De hierboven beschreven protocollen vereisen praktijk maar moeten haalbaar met minimale probleemoplossing. Op een gemiddelde dag wij 6-8 bruikbaar arteriolen te verkrijgen van de isolatie en bereiken van 3-4 succesvolle experimenten. Als u problemen ondervindt, echter zijn er enkele stappen die kunnen worden genomen ter verbetering van de slagingspercentages. Af en toe hebben we gevonden, met name bij het gebruik van jongere ratten (< 8 weken), dat de opbrengst van de arteriolen laag kan zijn. Om te omzeilen van dit probleem, raden we de retinale weefsel (10-30-s 500 x g) tussen elk van de verpulvering centrifugeren stappen in stappen 1.12-1.14. Dit helpt bij het verbeteren van het rendement van schepen vaak maar zal ook de verhoging van het bedrag van cel puin binnen de voorbereiding.

Wanneer vaartuigen voor druk myography studies cannulating is het belangrijk om te controleren de arteriolen zorgvuldig voor elke zij-takken die kunnen hebben al cleaved dicht bij de bifurcatie site.
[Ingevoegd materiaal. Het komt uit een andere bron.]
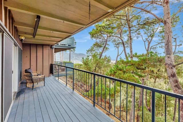 Welcome to 31 Del Mesa Carmel, a rare E-Model retreat with Ocean Views. Discover your private sanctuary in the prestigious Del Mesa Carmel community, where peace, luxury, and panoramic ocean views come together in perfect harmony, making every day feel like a vacation. Step into the light-filled great room, where walls of glass blur the line between indoors and out, immersing you in the surrounding forest and distant ocean vistas. The gourmet kitchen featuring high-end appliances, with sleek countertops, and an open layout ideal for entertaining. It flows seamlessly into the inviting living room, complete with a cozy gas fireplace, custom built-in bookshelves, and a casual dining area. Step outside onto the wrap-around deck to enjoy dramatic sunsets and whispering coastal breezes. Inside, radiant heated luxury vinyl flooring adds warmth and elegance, while both bedrooms offer serene forest views and exceptional privacy. Living at Del Mesa Carmel means more than just a beautiful homeits a lifestyle. Voted the #1 retirement community on the Monterey Peninsula, residents enjoy access to Woodys award-winning restaurant, a well-stocked library, guarded gate, resort-style amenities including a pool, spa, fitness center, lawn bowling, and vibrant social activities.
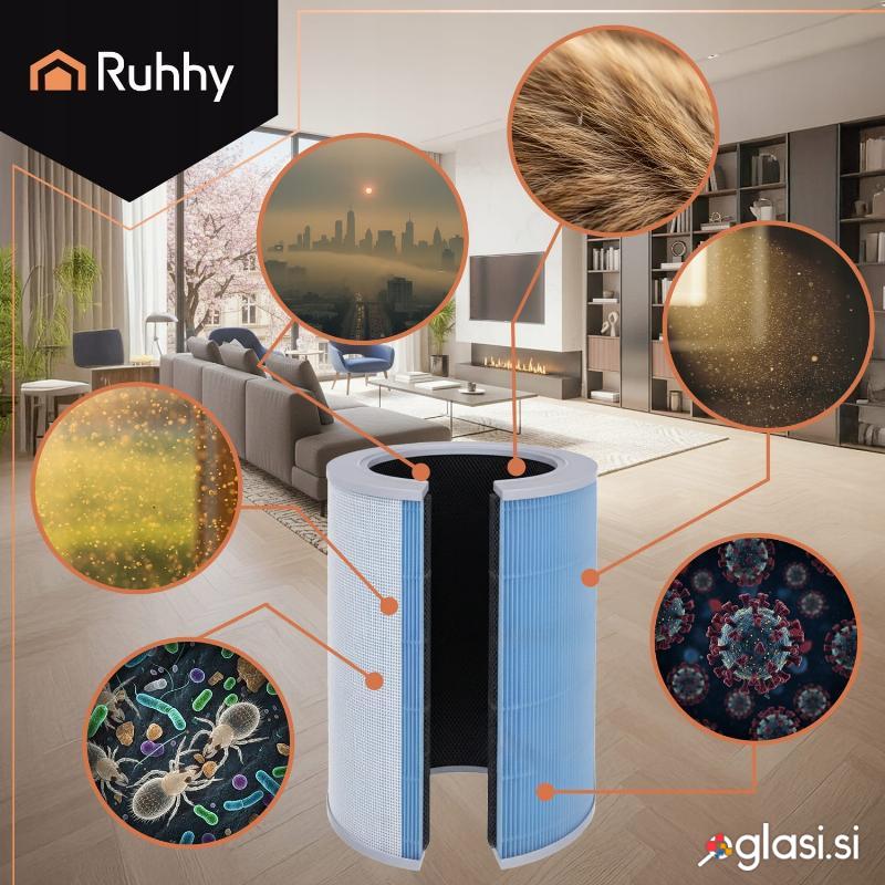 - HEPA H12 filter + aktivno oglje = 99,5 % čistejši zrak. Tristopenjska filtracija (predfilter + HEPA + aktivno oglje) ujame alergene, prah PM2,5, bakterije in vonjave. Idealno za alergike, družine z otroki in lastnike hišnih ljubljenčkov.
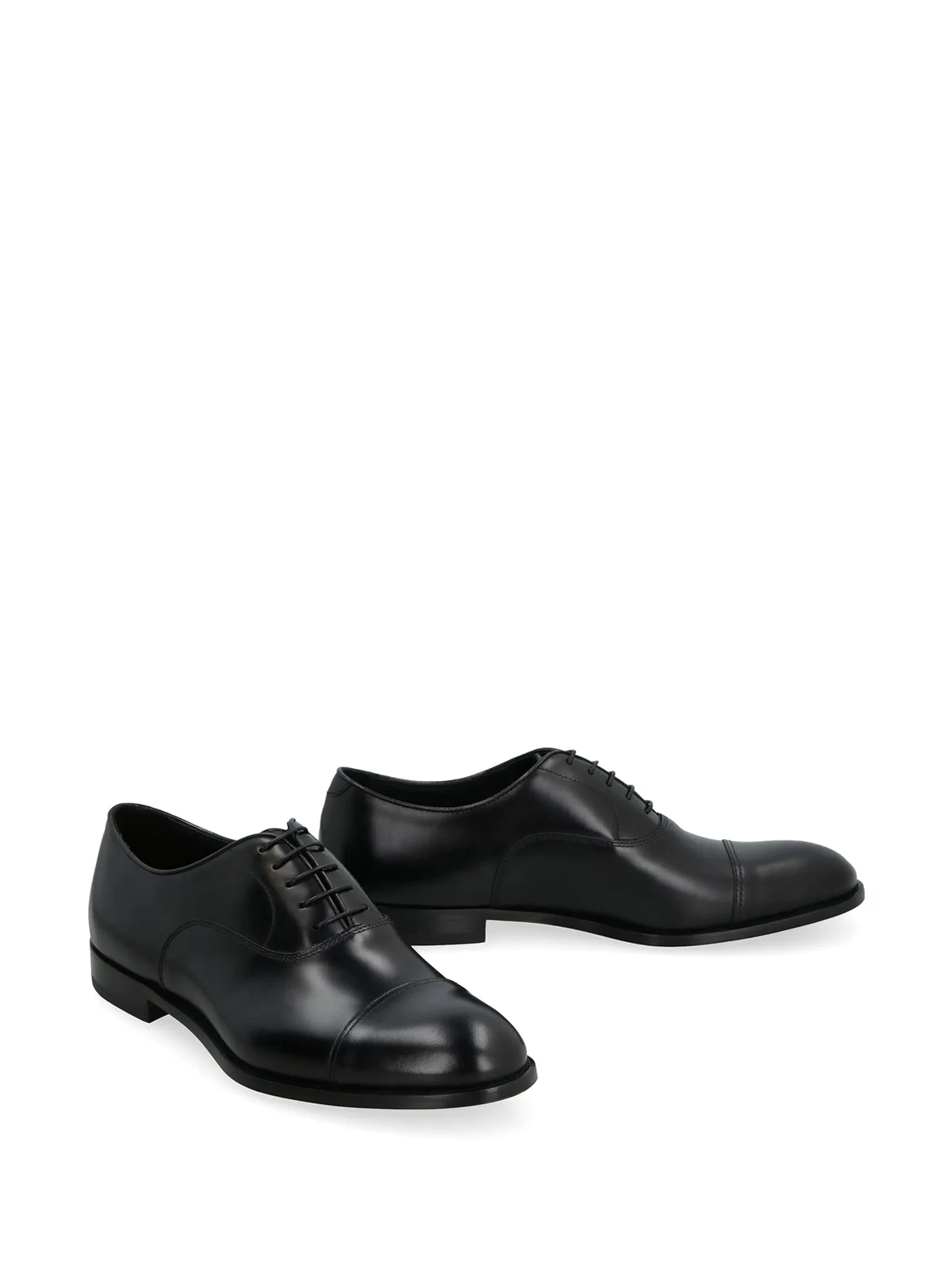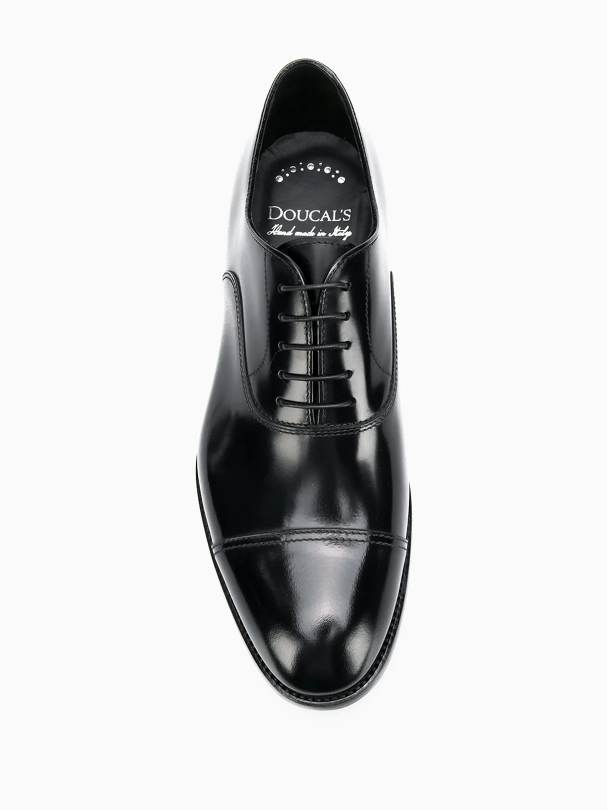 Klassische Oxford-Schuhe aus Kalbsleder von Doucal's mit folgenden Eigenschaften: mandelförmige Kappe, Schnürung vorne, Logo-Prägung im Fußbett und flacher Absatz.
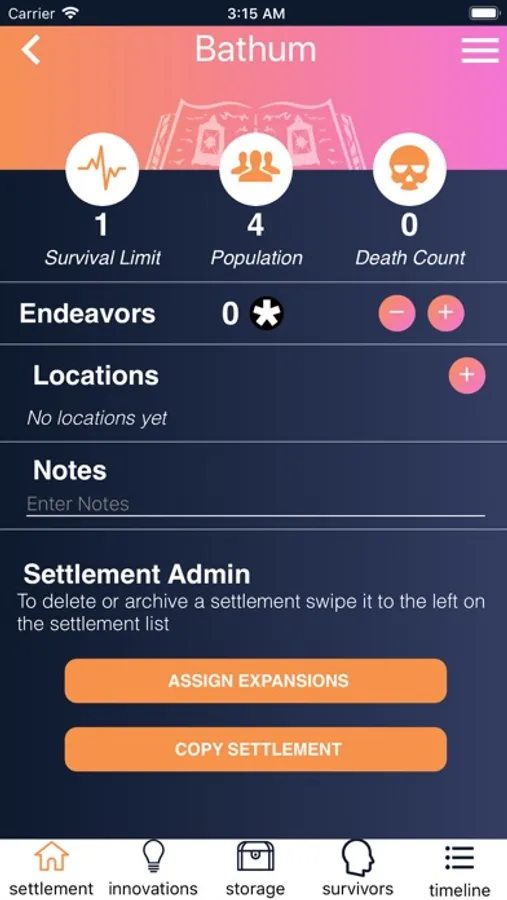 A native settlement management app for Kingdom Death: Monster.

Dit is een veelvoorkomende oorzaak van lekkage en verlies van druk tijdens experimenten. Het belangrijkste probleem dat kan ontstaan met de [Ca2 +]ik protocollen is de hoeveelheid kleurstof laden. Slechte kleurstof laden leidt tot lage signal-to-noise ratio’s, terwijl de overbelasting leidt tot verstoring van de normale Ca2 + homeostase. Verklein de kans op een van deze punten en een kleine hoeveelheid retinale homogenaat kan worden verwijderd, en geïsoleerde schepen gecontroleerd periodiek tijdens het laden-protocol. Wanneer de onderneming patch-clamp experimenten, het slagingspercentage van gigaseal formatie is sterk afhankelijk van hoe goed heeft de basale lamina zijn verteerd. Wanneer in eerste instantie testen dit protocol of met behulp van nieuwe veel enzymen het kan nodig zijn om de concentratie/duur van enzym spijsvertering. Zorgvuldig toezicht op de scheiding van de lagen endotheel en glad spierweefsel zorgt voor voldoende spijsvertering om genoeg basale laminaal om toegang te krijgen. Zorgvuldige controle is ook noodzakelijk om te voorkomen dat overmatig spijsvertering, die zich manifesteren kan als het schip begint te vernauwen. Als dit gebeurt, zijn de zachte spiercellen vaak te kwetsbaar voor patch klem opname. Bij toepassing van enzymen, is het belangrijk om op te nemen DNAse ik om verwijdering van strengen van DNA bevrijd uit cellen beschadigd tijdens het isolement. DNA-fragmenten zijn kleverig en veroorzaken de verlostang te houden aan de arteriole tijdens de laatste stadia van het reinigingsproces (stap 4.4), vaak resulterend in het verlies van het vaartuig. Reiniging van vaartuigen is technisch moeilijk en wordt best uitgevoerd bij hoge vergroting (20 X) met zachte vegende bewegingen van de gesloten tang van de fijnste mogelijk tip diameter. Reinig de verlostang met lab roll tussen veegt.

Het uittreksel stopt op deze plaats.